Enhancing transparency with LinkedIn’s Ad Library

Aanchal Somani

January 8, 2025

Online safety and transparency laws around the world increasingly require that platforms, like LinkedIn, provide searchable tools and databases of ads that have run on the platform.

In our ongoing commitment to building transparency in advertising, LinkedIn’s Ad Library is available to all LinkedIn members and the public and contains ads that have been served at least once in the last year by LinkedIn, along with information about those ads.

In this blog, we’ll outline how we built our Ad Library to provide an easy-to-use repository of searchable ads.

Design and flow of the ad library

Members can tune their search criteria using filters like company, keyword, country, and date range, and to view details of a particular ad.
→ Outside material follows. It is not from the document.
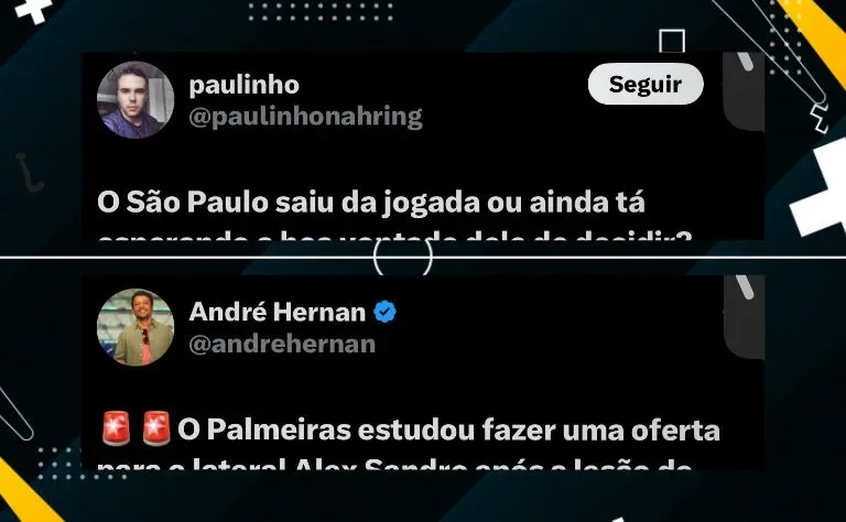 O São Paulo quase viu um de seus maiores rivais, o Palmeiras, tentar dar um ‘chapéu’ no mercado, ao tentar a contratação de Alex Sandro. A informação é do jornalista André Hernan.

The search results are presented in a sorted and paginated manner, showing members information with every ad, such as

ad preview;
company name;
the entity who paid for the ad;
first and last impression date for the ad;
targeting parameters of the ad;
total impression count of the ad to date;
impression breakdown by country; and
restricted status of the ad (shown for restricted ads only).
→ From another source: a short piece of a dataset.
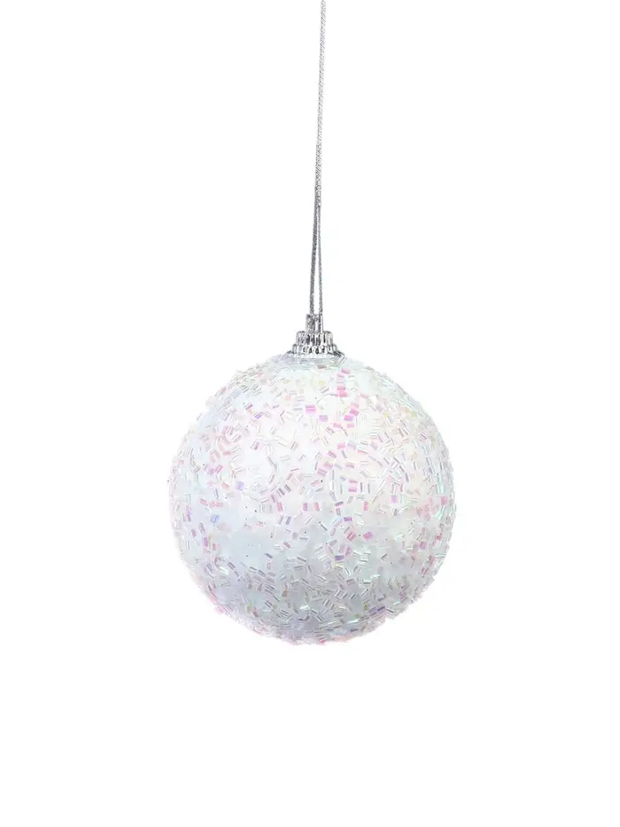 Ёлочные игрушки «Пушинка - бисер», шары новогодние, d=6.5 см, набор 6 шт., белый

Figure 2. LinkedIn’s ad library high level design and flow

When members click the “Search” button, the system makes an API call to the mid-tier to fetch the required data to be rendered on the portal. The mid-tier first collects the ad IDs in a paginated manner and for each of these ids, it retrieves the ad rendering data.
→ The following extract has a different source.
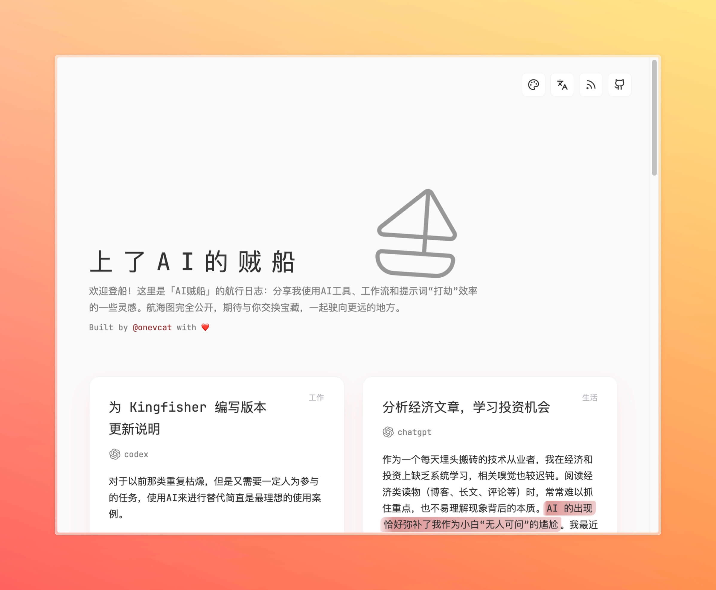 其次是一个更简单一些的静态页面「上了AI的贼船」。我会不定期在这个页面分享我在使用 AI 工具进行日常开发,生活和娱乐等方面的心得以及实际的使用案例。在 build 时,我使用中文书写的内容会通过 LLM 自动翻译成其他支持的语言;当然,深浅颜色切换,feed 订阅这些基本要素也都完备。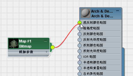 - 将新“位图”节点关联到 Trees 材质的“漫反射颜色贴图”套接字。

To display the search results of the query made by the member, LinkedIn’s in-house search solution (similar to elastic search), indexes multiple fields from our dataset. For these ad IDs, another API call is made from the mid-tier to fetch the preview rendering details so that the ad is displayed with its text and assets, like image, video, and URLs.

Members can also click the “View Details” button to see more details about the ad, including:

Ad preview;
Advertiser details, including the name of the advertiser and name of the entity who paid for the ad; and
For countries where the law requires it, ad analytics and ad targeting details.

We’ll dig into each module in more detail in the following sections.

Developing the search feature

To facilitate the search requirements, we leverage Hosted Search, LinkedIn’s in-house search solution. Hosted Search relies on ETL data from our Espresso table (ads dataset) to build the offline index. The nearline index is updated using Brooklin change capture. This ensures that changes made to the table are reflected on the Hosted Search index as soon as possible.

Figure 3. Search flow within the ad library

We added multiple fields from the Espresso data store to facilitate searching for text in the ad content, advertiser/company name, countries and date range when the ad had impressions. These indexed fields are inverted fields used for filtering content. Hosted search can also sort the result on different fields like ad’s impression time or ad’s created time.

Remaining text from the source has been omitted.